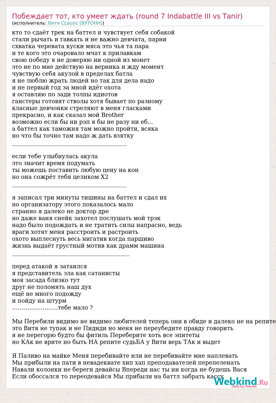 Главная→Исполнители→Витя CLassic [ВУТОНН]→Побеждает тот, кто умеет ждать (round 7 Indabattle III vs Tanir)
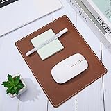 Mouse Pad Size: Package includes 1pc leather mouse pad, 7.91 x 9.49 x 0.1 inch(20.1 x 24.1 x 0.25cm) Cowhide Material: Made of genuine cowhide material, durable and soft, comfortable to touch, prevents the pad from slipping around on your desk Unique Outlook: Mouse pad with stitched edge not only beautiful, but also ensure that surface matched with different types of mouse, easy to clean, provide a comfortable working atmosphere Great Gifts: The mouse mat makes an excellent gift for your friends, family, classmates, colleague Widely Used: The mouse pad is suitable for all types of mouse including wired ones, wireless, mechanical, fine workmanship, anti slip bottom, great choice for work, study
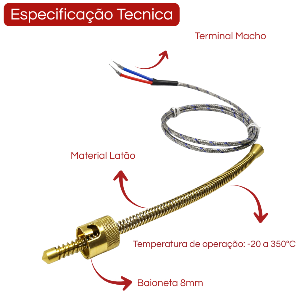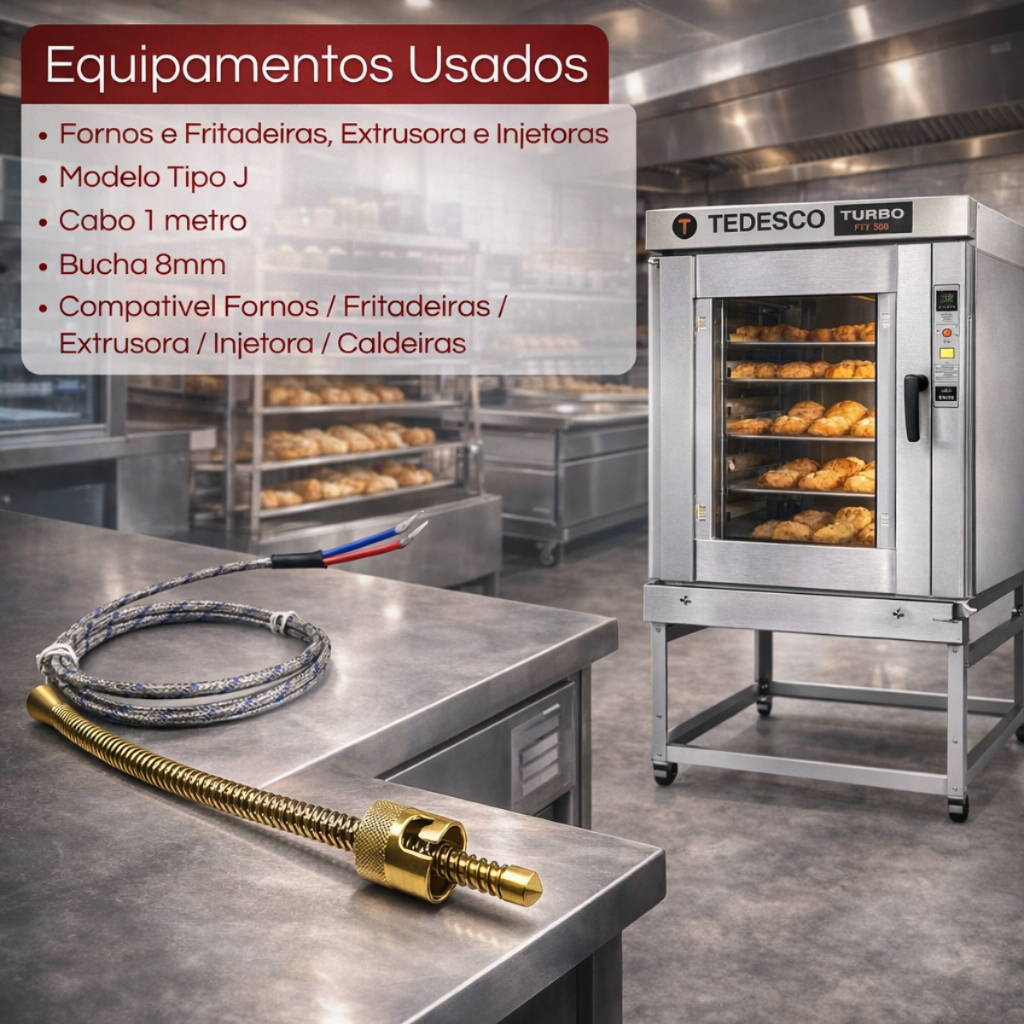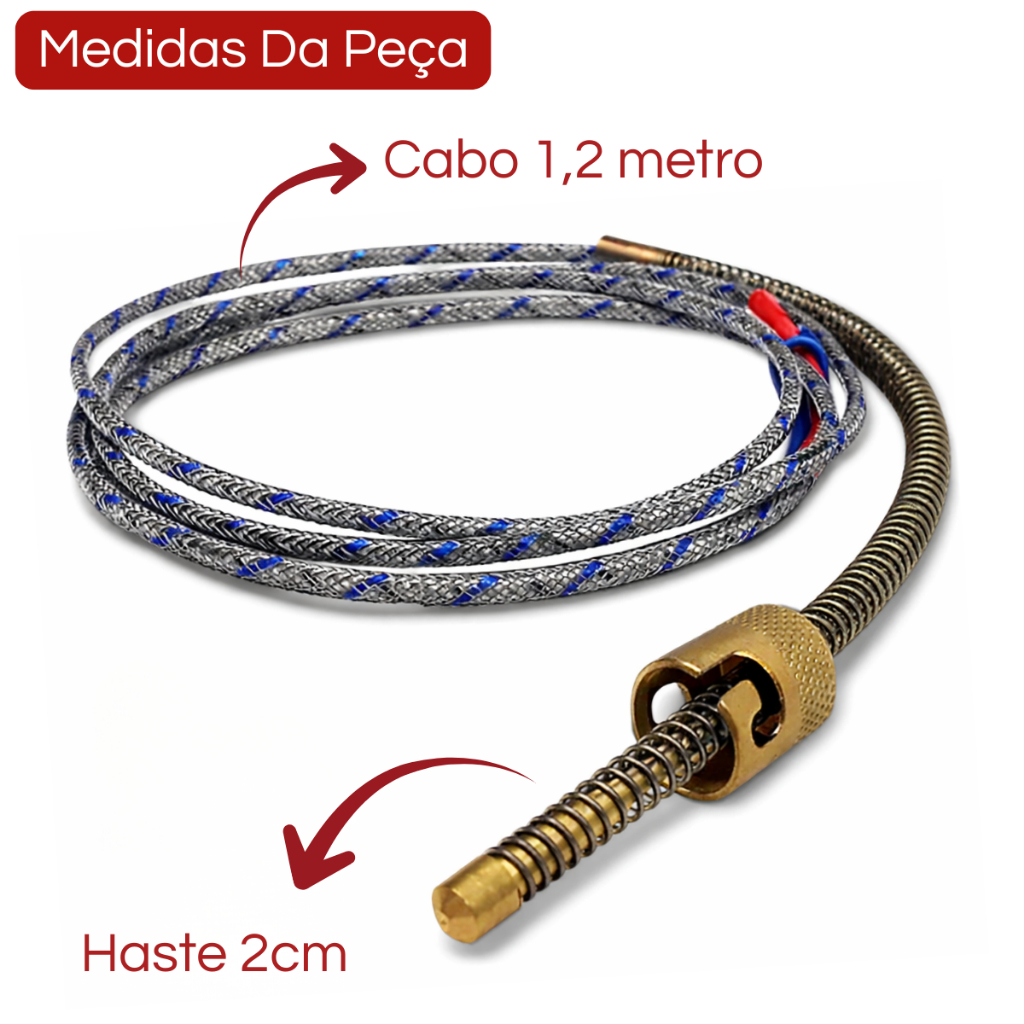 Termopar Tipo J Ponta De 8mm Cabo 1,2 Metros Para Forno
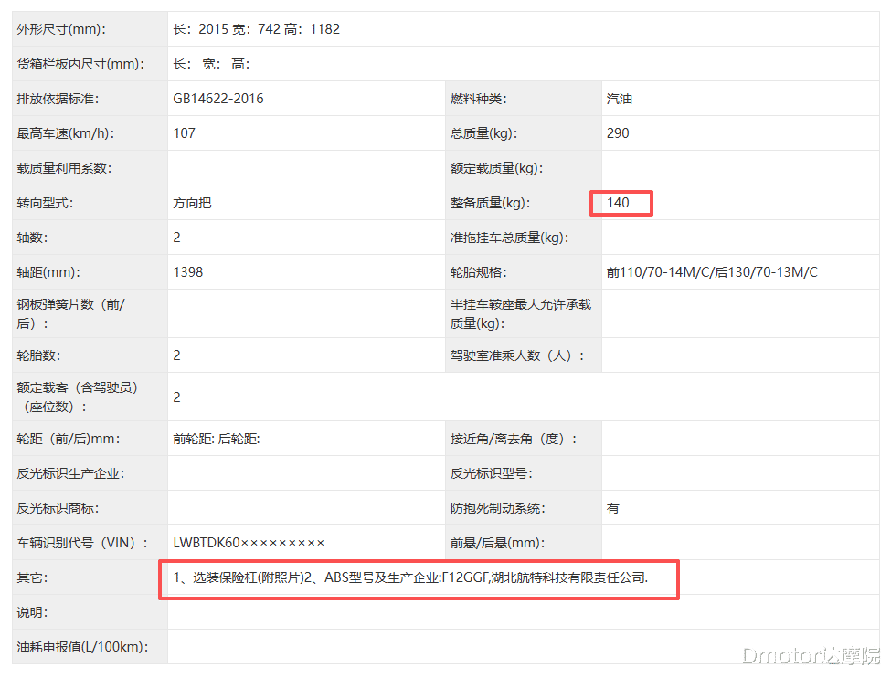 已知配置包括前14后13轮毂、140kg整备质量、航特ABS,高配版本还将配备摄像头系统。
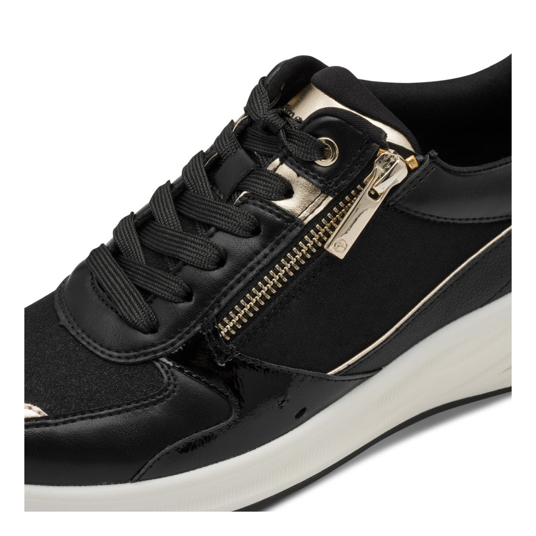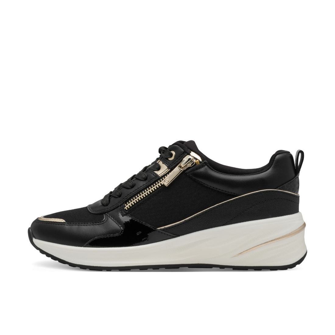 Tyto dámské tenisky na vyvýšené podešvi jsou výbornou volbou. Černý svrchový materiál je doladěn zlatými aplikacemi - na špici obuvi, proužkem na boku obuvi a na jazyku. Díky funkčnímu zipu a tkaničkám se snadno obujete. Měkká stélka se přizpůsobí tvaru chodidla a zajistí Vám pohodlí po celou dobu nošení. Díky vyvýšené podešvi budete mít stabilní chůzi a prodlouží Vám to postavu. Tento model nabízíme i v další barevné variantě (platí do vyprodání zásob). Technologie: Touch-it - měkká stélka, která se dokonale přizpůsobí tvaru nohy, a díky tomu při nošení zajišťuje optimální pohodlí. Tato obuv má vyjímatelnou stélku. Vegan - obuv vyrobena bez použití živočišných materiálů.
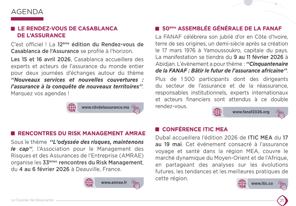 La FMA, comme pour chaque Lettre de l’Assurance, met également en ligne l’agenda à venir:
===============
This task calls for restating, word for word, each line from the line holding "已知配置包括前14后13轮毂" through the end of the material, pictures left out.

• [Answer for this exercise]
 已知配置包括前14后13轮毂、140kg整备质量、航特ABS,高配版本还将配备摄像头系统。
 Tyto dámské tenisky na vyvýšené podešvi jsou výbornou volbou. Černý svrchový materiál je doladěn zlatými aplikacemi - na špici obuvi, proužkem na boku obuvi a na jazyku. Díky funkčnímu zipu a tkaničkám se snadno obujete. Měkká stélka se přizpůsobí tvaru chodidla a zajistí Vám pohodlí po celou dobu nošení. Díky vyvýšené podešvi budete mít stabilní chůzi a prodlouží Vám to postavu. Tento model nabízíme i v další barevné variantě (platí do vyprodání zásob). Technologie: Touch-it - měkká stélka, která se dokonale přizpůsobí tvaru nohy, a díky tomu při nošení zajišťuje optimální pohodlí. Tato obuv má vyjímatelnou stélku. Vegan - obuv vyrobena bez použití živočišných materiálů.
 La FMA, comme pour chaque Lettre de l’Assurance, met également en ligne l’agenda à venir:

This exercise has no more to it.